山梨県笛吹市八代町で農家を営む樋口哲也さん(60歳)は、20年前に脱サラして就農。父の圃場を受け継ぎ、妻の静枝さんとブドウを栽培し、生産者を目指す研修生も積極的に受け入れている。

栽培面積は1・7ha。品種は「紫玉」、「巨峰」、「藤稔」、「シャインマスカット」、「クイーンニーナ」、「ロザリオビアンコ」、「マニキュアフィンガー」、「雄宝」、「クイーンセブン」、「マイハート」、「バイオレットキング」、「マスカ・サーティーン」、「マスカット・ノワール」など、試験栽培中の新品種も合わせ、約15種に及ぶ。

就農して20年。一級品を目指して栽培技術を磨いてきた、樋口さん。
樋口さんの栽培する化粧箱入りのシャインマスカットは、高価格で販売されている。

「新品種を作って試して、ダメなら伐採して……の繰り返し。

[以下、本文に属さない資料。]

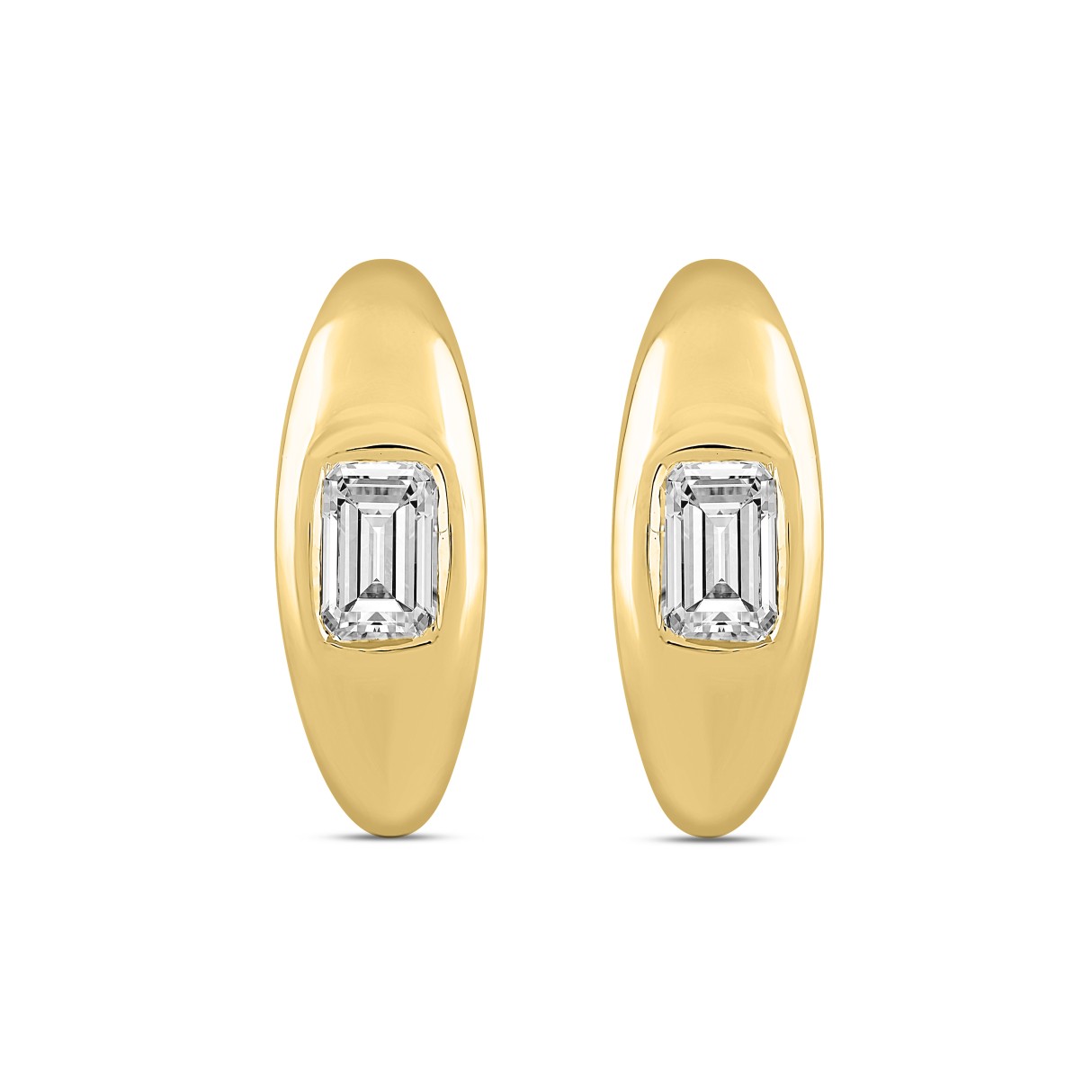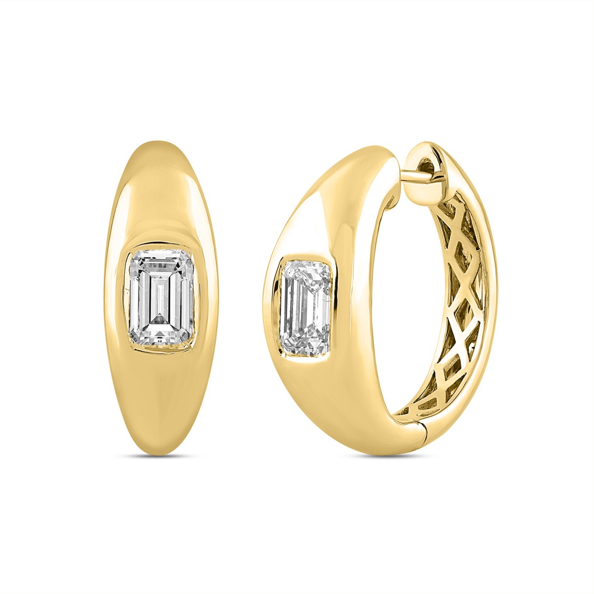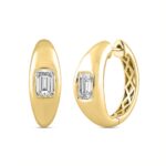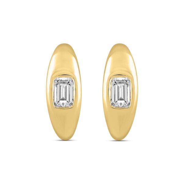 LADIES HOOP EARRINGS 2CT EMERALD DIAMOND 14K YELLOW GOLD
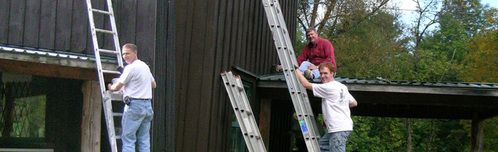 The Ski Lodge had not been painted since it was built around 15 years ago. Ken Packard, Jim Alexander, and Karl Dahlstrom led the crew of about 12 workers. The crew worked from 9 am to 3 pm and painted the entire exterior of the Ski Lodge. We were glad to contribute toward the continued operation of this treasured local resource.
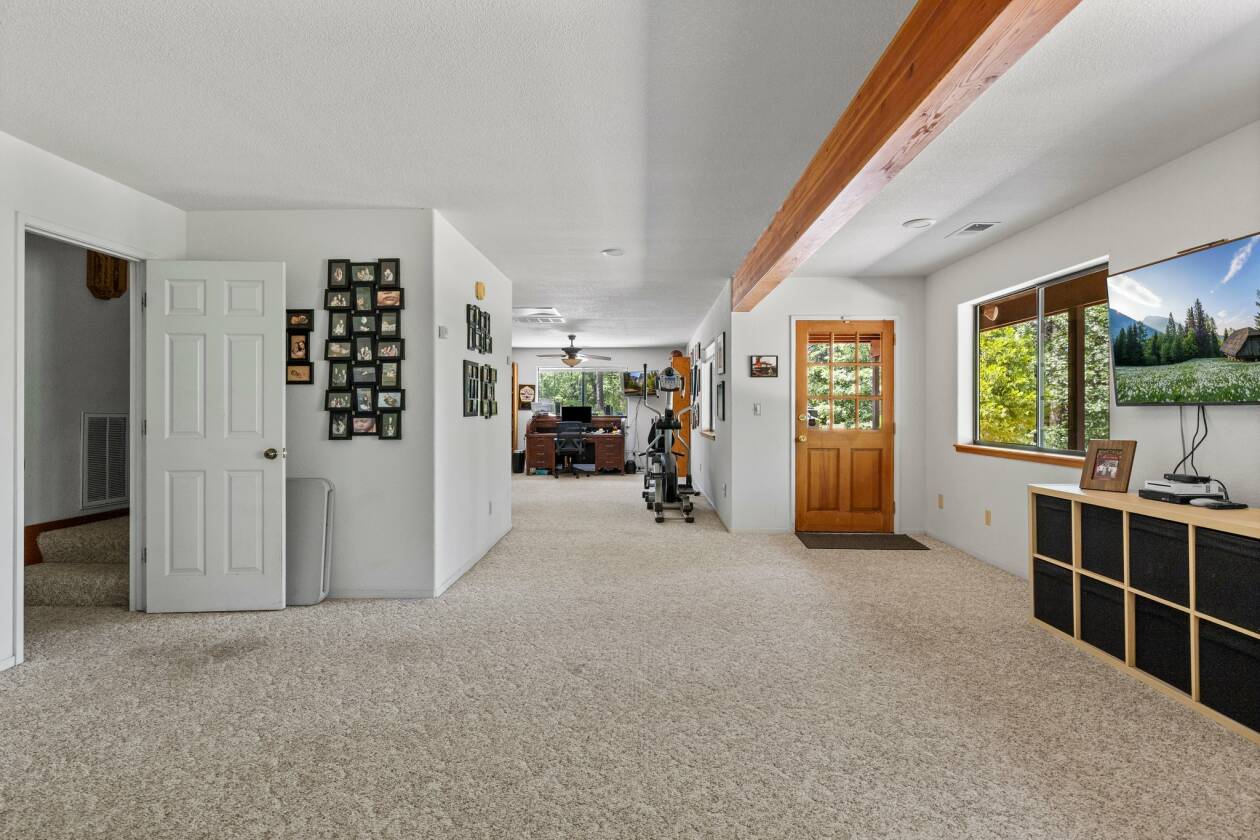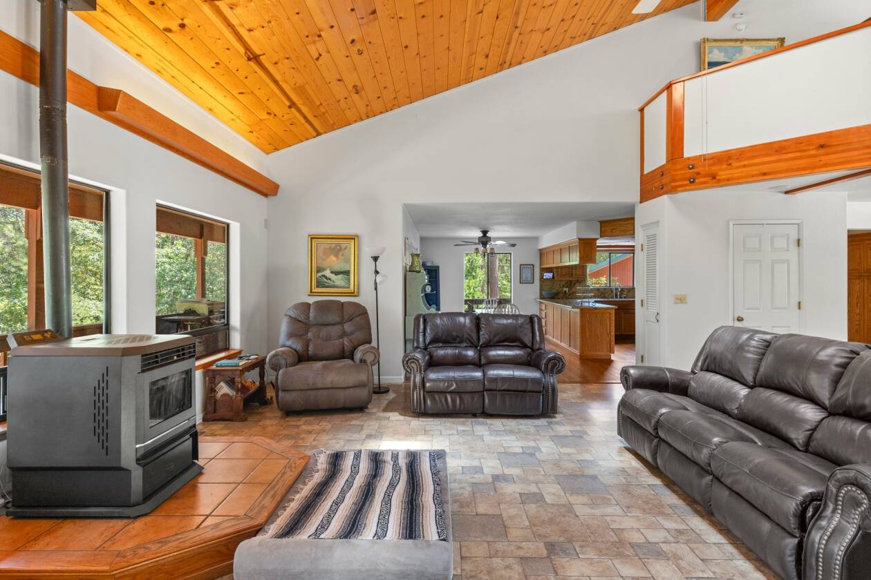 Lake House Dream! Welcome to your mountain escape in the exclusive Miner's Lake HOA. A quiet community of just a few homes sharing access to a private, amenity-rich lake. Enjoy 20 acres of outdoor recreation, including two private docks, a large BBQ area with picnic tables, and a lake stocked with largemouth bass perfect for swimming, kayaking, and fishing. The home itself is spacious and inviting, featuring vaulted wood-clad ceilings, abundant natural light, and a full wrap-around porch for year-round enjoyment. The main level offers a formal entry, a large living room, a primary suite, an additional bedroom, and a conveniently located kitchen with generous cabinetry and adjacent laundry. The lower level has a bedroom, bathroom, and a multi-use open area. Upstairs, a bright open loft includes its own private balcony where you'll enjoy breathtaking sunset views you'll never grow tired of. Plus, a whole-house Generac propane generator keeps things running smoothly no matter the weather. Bring your critters too! Livestock are welcome, with a charming red stable and small pasture ready to go. Whether you're looking for a full-time residence or a mountain getaway, this is a rare opportunity to enjoy comfort, beauty, and lake life all in one place!
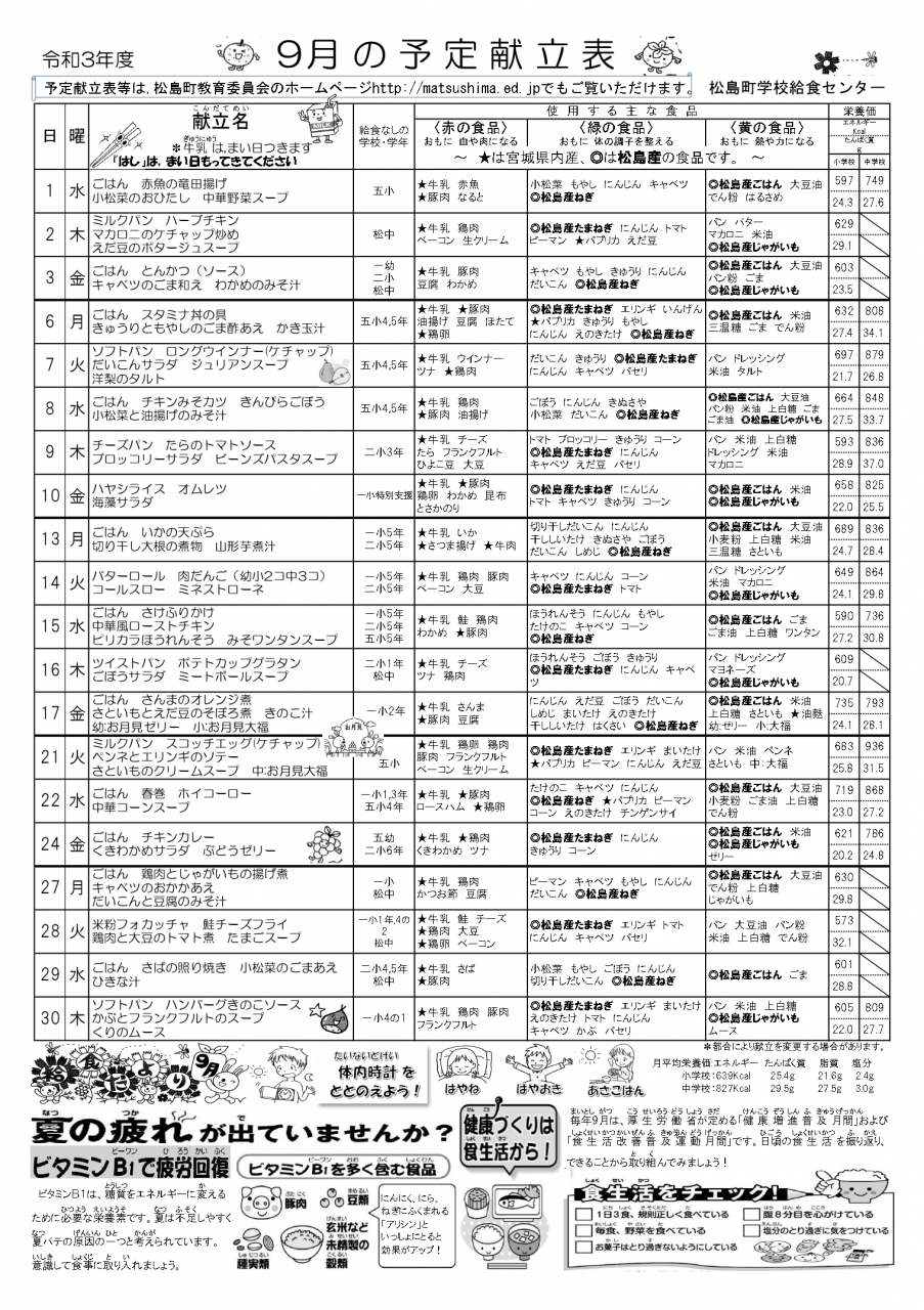 松島町学校給食センターでは、「今日の給食」や毎月の「予定献立表」、「一口メモ」などを発信しております。

自分がおいしいと感じて、誰かに『食べさせたい』と思った品種に、手をかけています」

品種だけでなく、販売先も農協、直売、高級スーパー、首都圏の洋菓子専門店など多岐にわたっていて、出荷が進む作業場には、多様な品種と荷姿のブドウが並んでいた。

絵も料理もブドウも 最初に一流のものを見よ!

樋口さんは、大学卒業後、埼玉県で大学時代の有志と進学校専門の学習塾を立ち上げ、その経営に携わる。その後、山梨県に帰り、父の引退とともに40歳で農園を引き継いだ。それまで栽培経験はなかったが、「やるからには一流になりたい」と考えた。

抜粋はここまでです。